One of the Community Health Motivators went with Chris, Ned Lehman and Kathy Ott (two of our US board members) to visit the mother of our babies Princess and Anthony.  She has been sick with HIV and TB for a long time, which is why both of the children have been placed with us.  Chris called me to say that the young woman is near the end of life (in fact, thought she had passed while they were there), but then she breathed again.  They called a private ambulance and she was taken to the hospital, to die. 

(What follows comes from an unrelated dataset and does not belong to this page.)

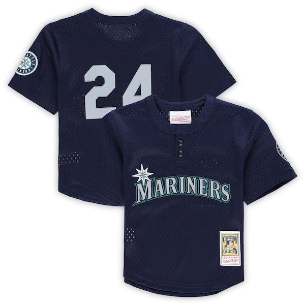 Your young fan can start game day off right in this Seattle Mariners Ken Griffey Jr. Cooperstown Collection Mesh Batting Practice jersey from M & N. This throwback piece features vintage Seattle Mariners graphics on the front and back, which will help your kiddo stand out in the crowd. Its mesh fabric makes it great for either relaxing or being out and about.

Yesterday was a typical day, but then again, there is no such thing as “typical” here. They are all hard days and we learn so much each and every day from our Swazi brothers and sisters. 

Some (many) days the pain and suffering we see is just too much and I find myself unable to hold back the tears on a daily basis.  But we do what we can with what we have and we pray for continued strength for the days and months ahead. This is going to get much worse before it gets better. 

Please join me in praying for Swaziland, for the funds to bring water from the top of our mountain to fill our dams and boreholes, for guidance on how we are to address the needs of the people in need in our surrounding communities and for unity, peace and restored joy for all of us.

Thank you for your support over the past ten years.  We simple can NOT do this without you, nor do we want to. As I reflect back over the decade it is abundantly clear that the Lord has guided and directed us, as well as provided and protected us.  Despite our own inadequacies and failures, He is sovereign and faithful always.

Live from Swaziland … giving thanks for 10 years of HIS provision and love.

Janine

1 comment:

  1. Praying for the work of your heart and hands. I know the daily struggle is real and more than overwhelming but agreeing with you that our help comes from Him the maker of heaven and earth. Our work in Kenya feels crushing most days but I have to keep my eyes on Him and even when the pain and challenge seems more than I can bear I remember that we are all His children and He loves us more than I can even imagine and from that place I am learning to let Go and let God. Easier said than done. Blessings my world changing friend.